Find the maximum and minimum of the following function:
$$x^2 + y^2 - 4x - 2y +4$$
within the range $$x^2 + y^2 ≤ 16$$
I have ofcourse attempted this question myself. I have managed to find the minimum value. I did this by taking the derivative of the function two times, once with respect to x and once with respect to y. This gave me the point (2,1) and after substituting it back in the function gave the minimum value of -1.
Now i am trying to calculate the maximum value of the maximum value of the function which i think we can find by looking at the boundary values, x^2 + y^2 ≤ 16.
I have tried two things and still get the incorrect answer.
Attempt 1:
Substituting $$x = 4cost$$, $$y = 4sint$$.
$$16cos^2(t) + 16sin^2(t) - 4*4cost(t) - 2*4sin(t) + 4$$
$$16(cos^2(t) + sin^2(t)) - 16cos(t) - 8 sin(t) + 4$$
$$16 - 16cos(t) - 8sin(t) + 4$$
$$20 - 16cos(t) - 8sin(t)$$
By looking at the last line here, we can see that the maximum is when t = pi. This will cos(t) = -1 and sin(t) = 0
20 - 16cos(t) - 8sin(t) = 20 + 16 - 0 = 36. However 36 is incorrect and i dont understand why.
Attempt 2:
$$x^2 + y^2 ≤ 16$$
$$x^2 + y^2 = 16$$
$$y = sqrt(16-x^2)$$
Substituting this into the original equation gives:
$$x^2 + (16-x^2) - 4x - 2sqrt(16-x^2) +4$$
$$20 - 2sqrt(16-x^2) - 4x$$
By looking at this equation we can see that the maximum value is when 2sqrt(16-x^2) is 0. This happens when x = 4.

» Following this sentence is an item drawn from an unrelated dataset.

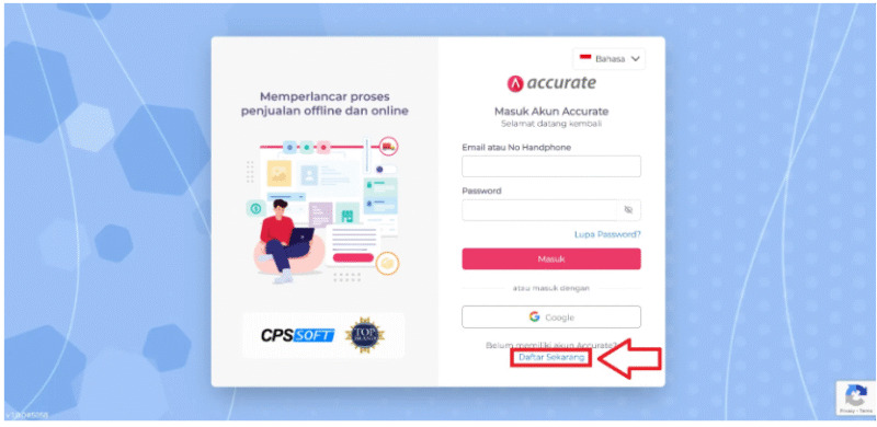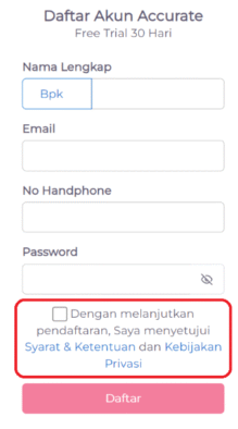 - Klik centang pada kotak Dengan melanjutkan pendaftaran, Saya menyetujui [Syarat & Ketentuan](Syarat & Ketentuan Umum Accurate Online – CPSSoft) dan [Kebijakan Privasi](Kebijakan Privasi – CPSSoft)

$$20 - 2sqrt(16-(4)^2) -4(4)$$
$$20 - 0 - 16 = 4$$
4 is also incorrect.
Can anyone help me with this question. I would also like to understand why I cant solve the question in the way i have attempted.
Thank you for your time. Please tell me if something was unclear.
Note that your $f(x,y)$ is equal to $$f(x,y)=(x-2)^2+(y-1)^2-1$$ and from here we get $$f_{min}=-1$$ for $y=2,x=1$